La surenchère consiste à dire que le gouvernement ne fait pas bien son travail de protection de la population, mais cela mène souvent les opposants à demander encore plus de mesures contraignantes, couteuses, gênantes. Ainsi, en France, le gouvernement a créé le Pass sanitaire et l’a rendu obligatoire en de nombreux lieux. Des opposants dans la surenchère proposent l’obligation vaccinale pour tous au nom de l’efficacité, mais il est évident que cette option serait encore plus contraignante que la situation actuelle – que le gouvernement fait d’ailleurs évoluer vers l’obligation vaccinale de fait. Du coup, le gain électoral à attendre d’une telle surenchère ne va pas de soi.

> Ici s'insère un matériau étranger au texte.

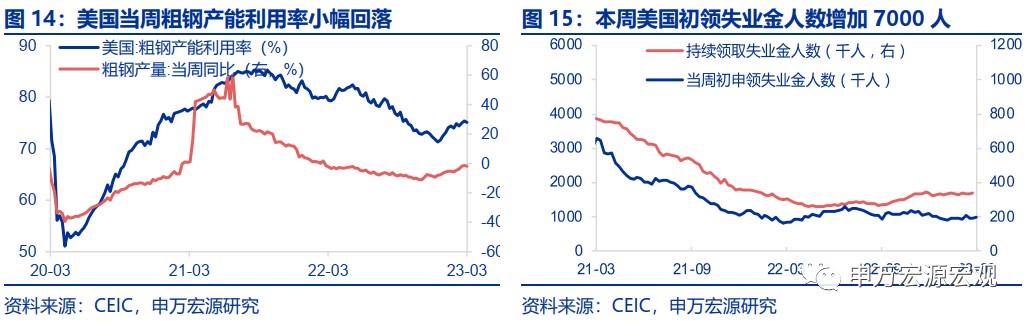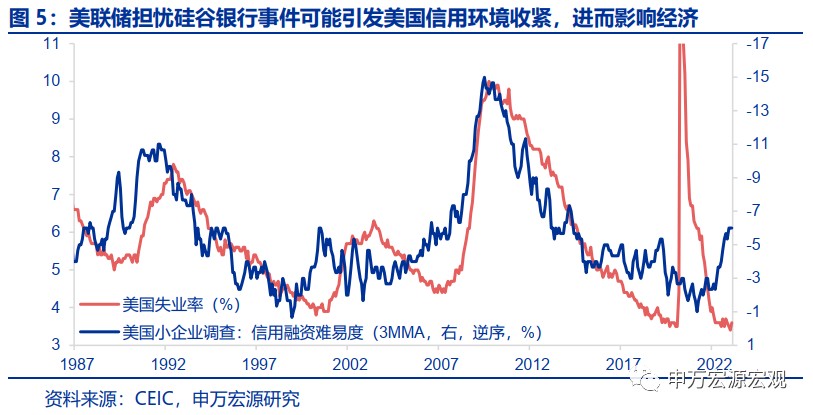 自美聯儲 3 月會議以來,後續美國經濟最大的不確定性在於美國中小銀行是否會收緊信貸,進而對美國經濟、通脹造成負面影響。但我們從下圖也可以看出,美國失業率目前和小企業的信用融資難度是背離的,後者自美聯儲去年開始加息之後就穩步收緊,其背後可能得到美國居民仍在 1 萬億美元左右的超額儲蓄的緩衝,由於美國居民收入端仍有保障,消費的持續火熱使得勞動力緊張程度同樣緩解較慢,側面反映美國企業經營情況仍然良好,從而美國小企業並沒有因為信用融資變難而進行裁員,最後導致失業率和信用融資難度的背離。根據我們測算,美國居民超額儲蓄可能要到今年三季度才消耗完畢,那麼在此之前,即便美國小銀行主動收緊信用環境,可能也不會對失業率造成大幅攀升的影響。

A l’inverse, la stratégie du déni, celle qui a été celle par exemple d’un Bolsonaro au Brésil, possède bien sûr l’avantage de permettre à tout le monde de continuer à faire comme si rien ne se passait – sauf aux malades, décédés et endeuillés évidemment. Malheureusement pour ses partisans, elle se heurte rapidement au mur du réel. Les cimetières se remplissent trop vite, et le déni devient difficile à tenir. Il faut alors une vision du monde extrêmement forte et structurée, une vision du monde totalement imperméable à la réalité des faits pour résister, souvent une vision du monde qu’il est loisible de qualifier, vu de l’extérieur, de complotiste. L’épidémie est vue par exemple comme un complot mondial contre les libertés (le « Great Reset ») ou bien comme la plus grande escroquerie jamais montée par les firmes pharmaceutiques. Le seul cas évident de réussite électorale et politique de cette stratégie du déni se trouve aux Etats-Unis chez les Républicains. Une grande partie de la population y reste en effet sur une ligne de déni de la gravité de la situation, largement parce que tout un écosystème médiatique et politique les a enfermés dans cette vision du monde. Nul ne sait à quel niveau de mortalité dans une sous-population dans le déni il faut monter pour qu’elle accepte la réalité. Il parait très loin d’être atteint dans ce cas précis.